Until long before, Astronomers considered Jupiter as a planet with a loop of tremendous dust revolving around it. However, that circular loop of dust later diminished into the four moons of Jupiter which are also called Galilean Moons.
However, astronomers believe that such moon-forming discs should be found around other planets in the alien star systems. Recently, the astronomers have discovered one such alien star and captured its images.
The astronomers called the newly discovered planet as PDS 70 c. This gas giant is of similar size as that of Jupiter. It is revolving around a young, low-mass star located at an estimated distance of around 370 light years from the Earth.
The astronomers used Atacama Large Millimeter Array (ALMA) to detect the radio waves emitted by the dust particles encircling the entire system. It’s orbiting the star at an approximate distance of 5.31 billion kilometers.
With the help of these observations, scientists were also able to estimate the concentration of dust around the planet.
The astronomers believe this is another circumplanetary disc. Just as the protoplanetary discs around young stars eventually merge into planets, it seems like that this disc will eventually clump together into moons.
One of the astronomers from Rice University, Andrea Isella, stated that it was for the first time, they were able to easily see the telltale signs of a circumplanetary disc. This discovery will support many of the existing theories related to the formation of planets.

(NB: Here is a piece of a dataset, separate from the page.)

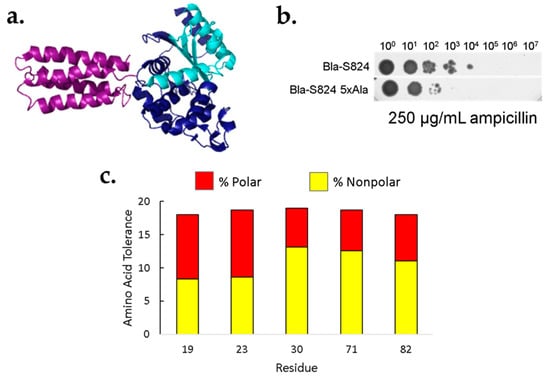 The following are available online at https://www.mdpi.com/2075-1729/10/2/9/s1, Figure S1: Validation of β-lactamase stability selection for de novo proteins. Figure S2. Raw data for the structural tolerance of S-824. Figure S3. Amino acid percentages for variable codons.

They compared their observations with the high-resolution optical and infrared images. They concluded that an enigmatic concentration of tiny dust particles is actually a planet-girding disk of dust. They had observed this feature for the first time ever.
The dust rings around such planets are very different from the rings of Saturn, which are estimated to be about 100 million years old only. While the Solar System has an age of 4.5 billion years. The rings of Saturn planet are made up of ice, dust, and rocks. They are thought to be the debris from asteroids and comets. It’s also possible that broken parts of moons also contributed to the ring formation around the planet.
The ring around PDS 70 c is at a much earlier age. Its star is just 10 million years old while the planet barely formed in this duration.
The scientists think that after the formation of the cores, the process of accretion is very similar among stars and planets. Similarly, the formation of the material swirling around them in a disc and falling onto the object and increasing the mass of the planet is also similar. In case of a star, the material that’s left over during this process ends up forming planets.